Web 2.0 Summit: Meg Whitman, eBay CEO
What an inopportune time for a conference appearance. As eBay CEO Meg Whitman takes the Web 2.0 Summit stage, eBay shares are trading down more than 6% amid concerns that the company’s core online auction business is slowing. Though eBay posted earnings yesterday that exceeded Wall Street expectations, its auction listings fell year over year for the second consecutive quarter and it suffered its first sequential dip in active eBay.com users ever.
Huh. We’re already 10 minutes into the conversation and Tim O’Reilly, CEO of O’Reilly Media, hasn’t even mentioned yesterday’s earnings. We have learned, however, that Whitman actually uses eBay and once sold her Mickey Mouse skis on it.
Is there a social-networking play in PayPal? O’Reilly asks.

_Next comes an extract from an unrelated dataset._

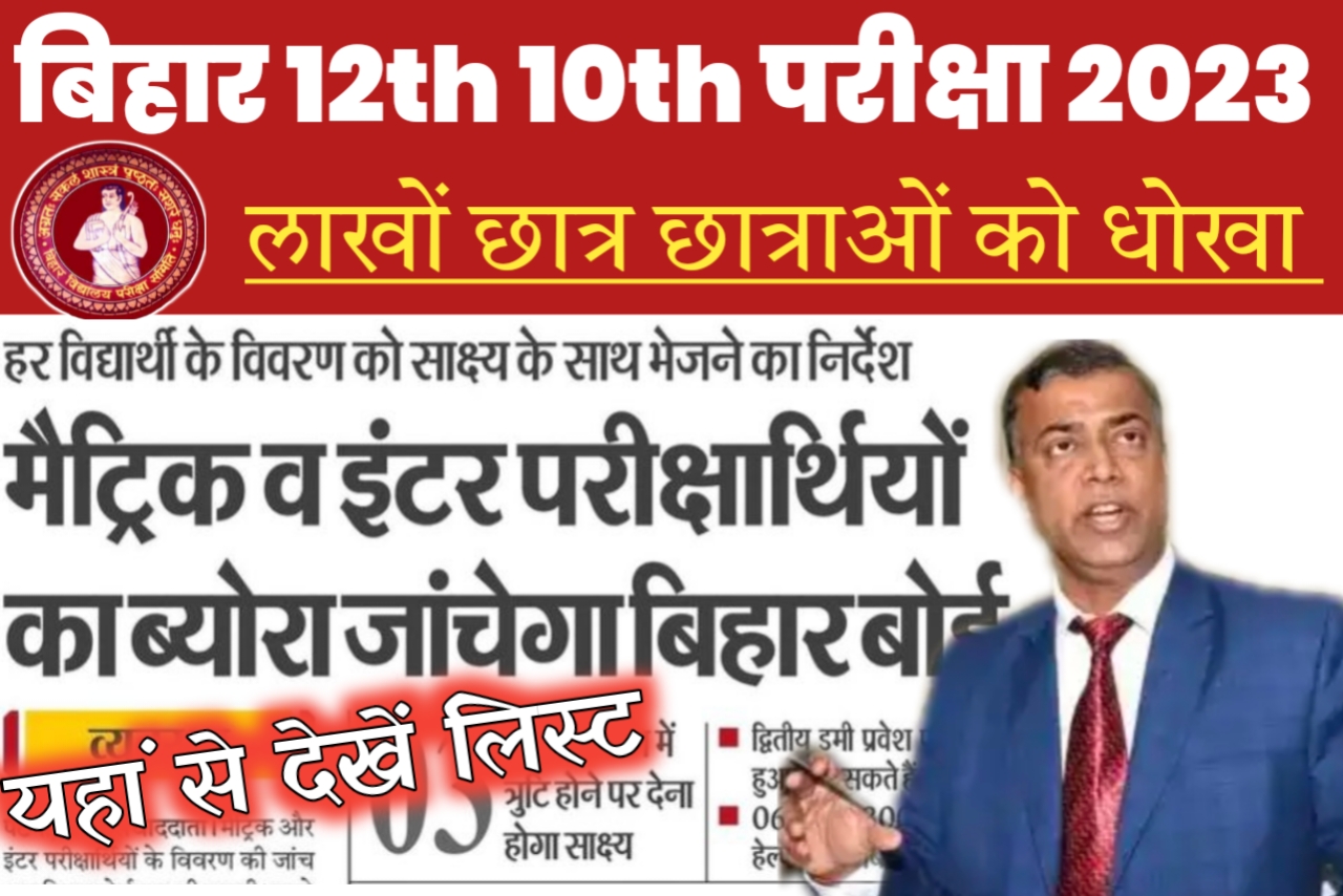 मैट्रिक और इंटर परीक्षार्थियों के विवरण की जांच और बिहार बोर्ड द्वारा की जाएगी इससे पहले सभी स्कूल कॉलेज ही जांच करती थी लेकिन 2023 परीक्षा को लेकर बिहार बोर्ड ने लाखों छात्रों को करेंगी 2023 परीक्षा से निष्कासित तो जानिए कैसे विद्यार्थी को निष्कासित करेगी वह विद्यालय कौन कौन सा है।

Whitman responds that the “question is, over time, could PayPal become not only your wallet, but your reputation and your identity as you move around the Web? And I think that’s possible. There’s a huge opportunity here, but you have to be careful because you’re dealing with identity, financial identity, presence and reputation.”
Wow. Turns out eBay has a law-enforcement division that apparently includes some former FBI people. That said, eBay believes people are basically good, but that doesn’t mean EVERYONE is basically good. “We’ve developed expertise to help fight bad buys on the Web,” Whitman says, adding that eBay has some 2,000 people who do fraud modeling, etc., to keep eBay free of “bad actors on the Net.”
Then, onto other areas of the company: Are you still bullish on Skype? O’Reilly asks.
“Sure we’re stull bullish,” Whitman parries. “We’re a bit dissapointed, but bullish. We’re better positioned after the earnout to delight customers. We don’t have to worry as much about revenues and operating margins at this juncture. Skype still has great potential, and Skype 4.0 is on the way.”
O’Reilly: You’re looking for a new CEO?
Whitman: Yes, we are looking for a new CEO. There has been tremendous interest.
(I wonder if she’s got Jeff Citron’s CV sitting on her desk.)






Comments
John, were you at the same talk as everyone else? My opening question to Meg was about the slowing of their core auction business as reported in yesterday’s earnings call. I also zinged Meg on the growth in GMV being driven by currency fluctuations.
As to the questions about paypal as a web service and next gen internet operating system play — well, this is a technology conference, not an analyst call. I think you guys will be asking that question a year or two from now when eBay’s failure to seize that opportunity (or their rising to the bait) has material impact on their finances.
This is way more important than yesterday’s earnings call.